I found a very detailed accident report that explains everything that led up to the accident and the damage that happened almost ten years ago.

https://www.google.com/url?sa=t&rct=j&q=&esrc=s&source=web&cd=1&cad=rja&uact=8&ved=0ahUKEwjgoee41KzMAhVDy2MKHd2fBIQQFggcMAA&url=https%3A%2F%2Fwww.fra.dot.gov%2FElib%2FDocument%2F732&usg=AFQjCNGbsVcRQEvsjqtAdtQVbt2tMQEmqw&sig2=57DmTMxYAojtAxLdRcB_6A&bvm=bv.120552933,d.cGc

Here is the video from onboard train 2.

https://youtu.be/XzM4F1v-_Ks


----------



## Palmetto (Apr 26, 2016)

Yes, that's been dubbed a "cornfield meet" by a lot of folks. Trouble is that Kismet, CA is nowhere near any cornfields. The opposing train is obviously the culprit in this situation, having run a red signal. Did you notice one of the crew members bailing out about 5 second before impact.


----------



## CCC1007 (Apr 26, 2016)

I did, and was hoping a certain person on this forum would see this and look at the report.


----------



## AmtrakBlue (Apr 26, 2016)

CCC1007 said:


> I did, and was hoping a certain person on this forum would see this and look at the report.


Good luck with that.


----------



## Acela150 (Apr 26, 2016)

A few things that if one looks at this video in detail..

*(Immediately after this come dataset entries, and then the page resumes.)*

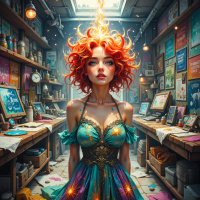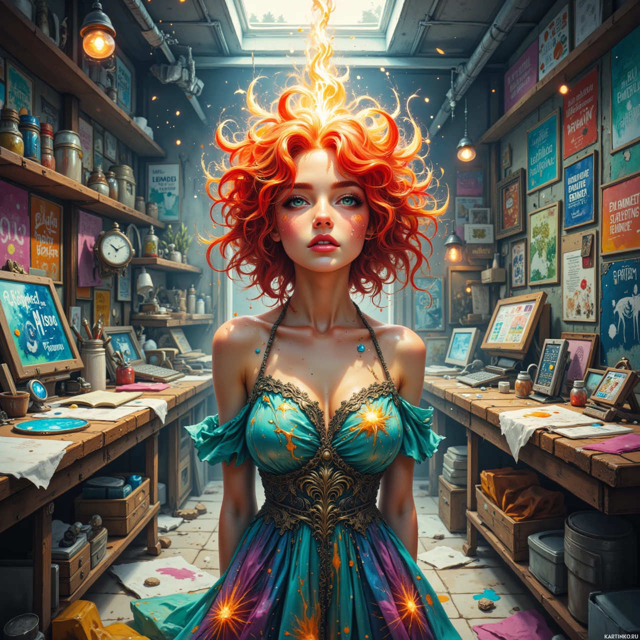 На картинке изображена девушка с рыжими волосами, собранными в пучок, в платье, сочетающем зеленый, желтый и синий цвета. Она держит над головой бенгальский огонь или подобный предмет, светящийся на кончике. Ее лицо выражает нейтральное выражение, и она смотрит прямо на зрителя. На заднем плане — интерьер с картинами на стенах и частично скрытыми плакатами или вывесками. Видна полка с книгами разных размеров и цветов, а также письменный стол, заваленный, кажется, бумагами или работами. Общая атмосфера создает ощущение творческой мастерской.
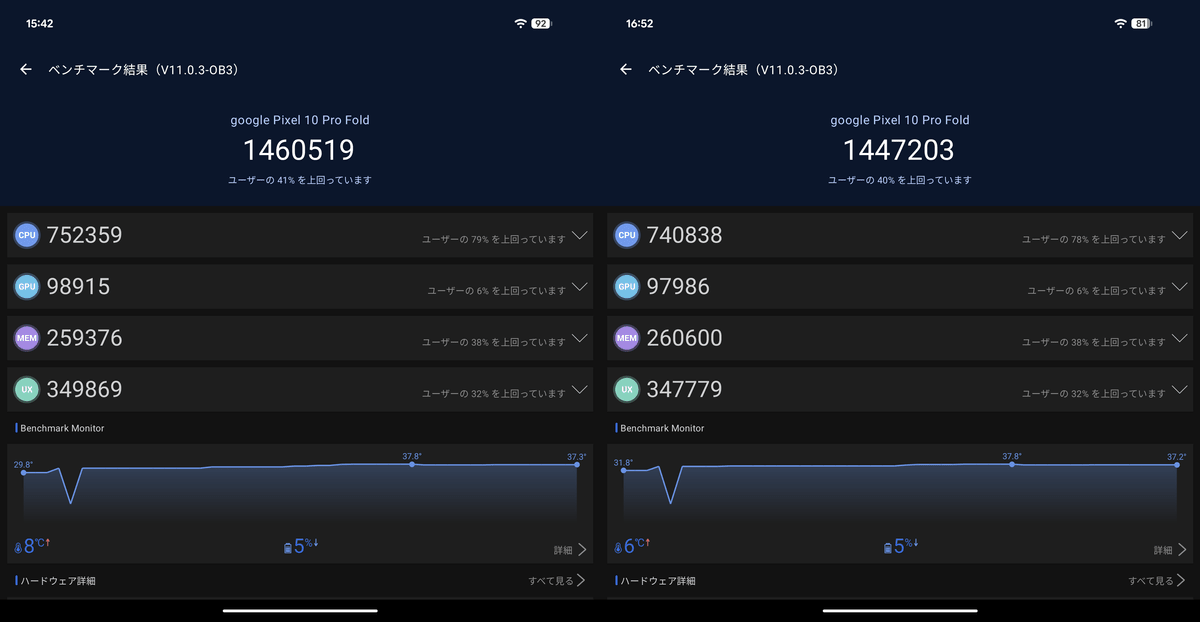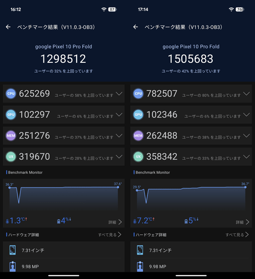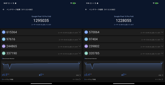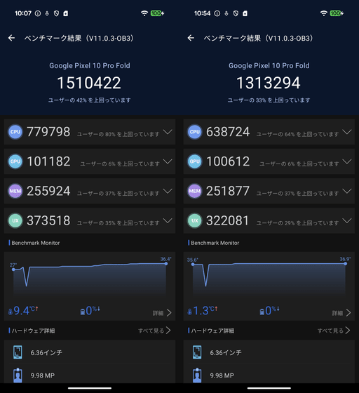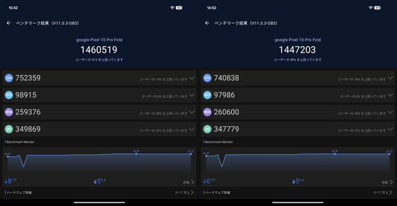 We measured the benchmark results and battery life of Google's foldable smartphone 'Pixel 10 Pro Fold' when it was open and closed.
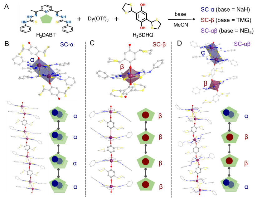 近期,该团队首次利用强点电荷的对苯二酚配体作为轴向连接子,实现了强各向异性五角双锥镝基单分子磁体(Dy-SMM)基元的定向组装。通过改变碱的种类,将两种不同的强各向异性Dy-SMM单元(α和β)以均质和异质组装的方式精确地排列成三例的镝基自旋链(图2)。

1. One thing you'll notice is that the Throttle Jockey of the opposing train jumps from the cab.. He should have "rode it out" which would have resulted in much less personal injury..

2. The signal for the train that the video is from had some type of clear signal.. Not sure what BNSF's signals are, but NORAC signal rules would be "Medium Clear". That signal dropped to a "Stop" either when the train ran the Stop Signal, or the dispatcher saw the Stop Signal Violation. Not sure which is more likely but most likely the circuits dropped the signal at the occurrence of the Stop Signal Violation.

I can guarantee that the Conductor of the Stop Signal Violation train is fired.. He was found in violation of Rule G as it's commonly known.. They found Coke in his system.. The engineer is most likely out of work as well.. Ran a Stop Signal and jumped ship trying to not get hurt..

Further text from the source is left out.